Подбежав, Дьяволица стала рядом с мужей, взяв меч наизготовку.

– Брат, я не понял, – сказал Псих, пристально глядя на Князя. – Ты что, под защиту женщины прибежал?

– Если бы у меня были шансы выжить, я бы тебе сказал, что однажды ты ответишь мне за такое оскорбление. – вспыхнул бык. – Нет, я прилетел сюда не прятаться за ее спиной.

Мне просто нужно кое-что вернуть жене. Надеюсь ты не будешь этому препятствовать. Я и так забрал у нее все, что только мог забрать.

Князь повернулся к Лоче.

– Во-первых, держи свой меч, – он протянул ей Кровосток, подавая оружие двумя руками.

Дьяволица, которая еще не сказала ни слова, также двумя руками приняла свой Кровосток, воткнув запасной меч в землю перед собой.

– Во-вторых, веер. – он вытащил листик изо рта и с хлопком вернул подлинный облик магическому оружию.

Лоча с поклоном взяла стальной веер в левую руку.

– Заметь, – Князь повернулся к Психу, – я мог бы махнуть веером и сдуть к чертям твою поросю, а потом попытаться вместе с женой завалить тебя. Но я не знаю, какие козыри у тебя еще в рукаве, и – самое главное – втягивать в эту драку еще и жену не желаю. Пусть хоть она с гарантией выживет.

И он вновь повернулся к Дьяволице.

– Одолжишь этой мартышке веер на неделю? А он в отместку тебя не тронет. Не тронешь ведь, мартышка?

– Обещаю, – коротко кивнул Псих.

– Ну вот, пожалуй, и все, – бык виновато посмотрел на жену. – Если эта молодая стерва придет к тебе, с веером ты должна отбиться. Все остальное, что я вынес из дома, она себе отжала, и я ей клятву на Системе дал. Так что извини – больше у меня ничего нет и дать мне тебе нечего.

Он притянул к себе жену и поцеловал ее в лоб.

– И еще раз – если сможешь, прости засранца.

После чего Великий Мудрец, усмиряющий небо повернулся спиной к своей жене и спокойным шагом пошел к обезьяну и свинье.

– Ну вот и все. Вроде бы все дела переделал.
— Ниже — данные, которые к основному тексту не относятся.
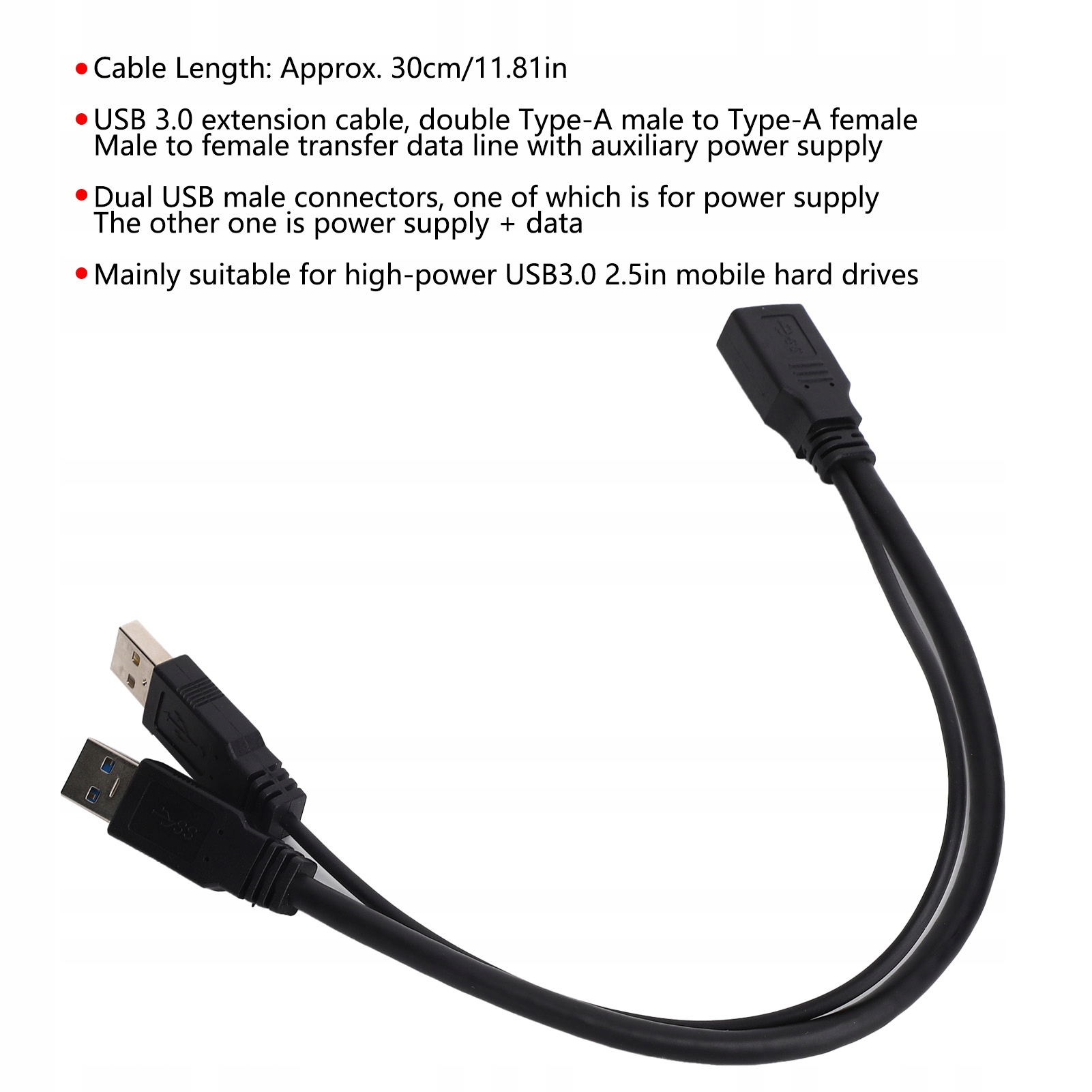 2. USB 3.0 Расширенный кабель, мужчина с двойным типом для женского типа A, мужчина для женского кабеля передачи передачи со вспомогательным источником питания.

И он с грустной улыбкой развел руками.

– Ты был прав, Хан, все как-то закономерно подошло к финалу. Итог, конечно, не очень впечатляет, но тут уж – что заработал, то и получил. Давай, мартышка, заканчивай.

Псих молчал.

Долго молчал, с минуту, наверное. Даже Жир не выдержал.

– Ну что ты там завис, Псих? Давай уже. Сразу и квест закроем. Если тебе в падлу или там неудобно – давай я его граблями откомпостирую. Мне нетрудно, опять же приварок получу – за него Система неслабо очков отсыплет.

Псих невольно улыбнулся.

– Толстокожее ты существо, Жир.

Потом, явно что-то решив, обезьян подошел к Лоче и сказал ей.

– Слушай, невестка, я у вас на свадьбе не был и на свадьбу вам ничего не дарил – я тогда срок тянул. Хочу исправить это упущение. Финал, наверное, будет выглядеть сопливо, но как насчет принять в качестве подарка жизнь вон того рогатого упрямого придурка? Если он тебе нужен, конечно.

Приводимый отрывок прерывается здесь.